Hungarian court declines challenge to primacy of EU law

BUDAPEST, Hungary (AP) — Hungary’s Constitutional Court on Friday declined to rule on a motion challenging the primacy of European Union law in a case involving the country’s treatment of refugees and asylum-seekers.

The decision came after Justice Minister Judit Varga challenged a ruling last December from the EU’s top court which found Hungary had failed to respect EU law by conducting pushbacks of people entering the country without authorization, denying them the right to apply for asylum and detaining them in “transit zones” along the southern border with Serbia.

Hungary’s government, led by right-wing Prime Minister Viktor Orban, has engaged in frequent conflicts with the EU over immigration. In 2015, Hungary refused to participate in an EU scheme to settle hundreds of thousands of refugees across the bloc’s 27 member nations, and erected a razor wire fence across its southern border to keep migrants out.

In her motion, Varga asked the court to rule that the Court of Justice of the European Union’s (CJEU) decision requiring that migrants be granted the opportunity to apply for asylum was incompatible with Hungary’s constitution.

It was a challenge to the primacy of EU law that echoed an October ruling from a court in Poland. That caused a crisis in the EU when the court declared that the Polish constitution took precedence over some of the bloc’s treaties.
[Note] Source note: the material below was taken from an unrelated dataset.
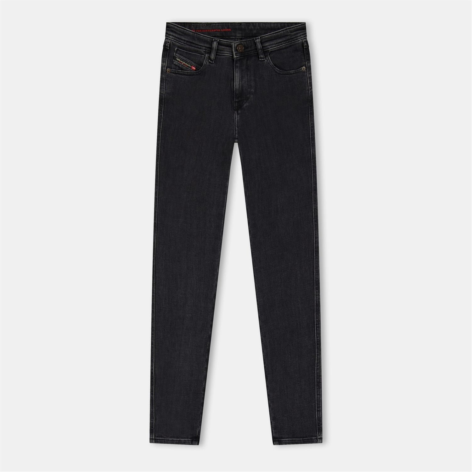Discover Diesel's five-pocket design jeans, featuring a sleek skinny fit. These jeans come with a convenient zip fly and button closure, ensuring a secure fit. The iconic logo embellishment adds a touch of brand identity, making these jeans a stylish addition to your wardrobe. -

In its Friday ruling, the Hungarian court stressed that the interpretation of Hungary’s constitution “cannot be aimed at reviewing the judgment of the CJEU, nor does the Constitutional Court’s procedure in the present case, by its very nature, extend to the review of the primacy of EU law.”

Reacting in a video on her Facebook page Friday, Varga portrayed the decision as a victory for her government, noting that the court held that in matters of the joint exercise of competences between the EU and a member state, Hungary would be entitled to reserve its sovereignty.

“The Constitutional Court has made it clear in today’s judgment that as long as EU rules on immigration are not fully enforced, Hungary has the right to exercise these powers. It has the right to adapt its national rules to reality through additional specific solutions to ensure the effective protection of its borders,” Varga said.

But in a statement released on its website, human rights organization Hungarian Helsinki Committee wrote that the ruling meant that the government had no green light to continue ignoring the EU court’s decision.

“Continuing the sabre rattling miscarriage of justice will have serious human rights and financial consequences,” it said.

In a briefing to journalists on Friday, Christian Wigand, spokesman of the EU’s executive arm, said the European Commission would “analyze the ruling in detail” but noted that Hungarian authorities were obligated to implement the judgement of the EU court.

“We understand that the ruling does not as such challenge the principle of the primacy of EU law,” Wigand said.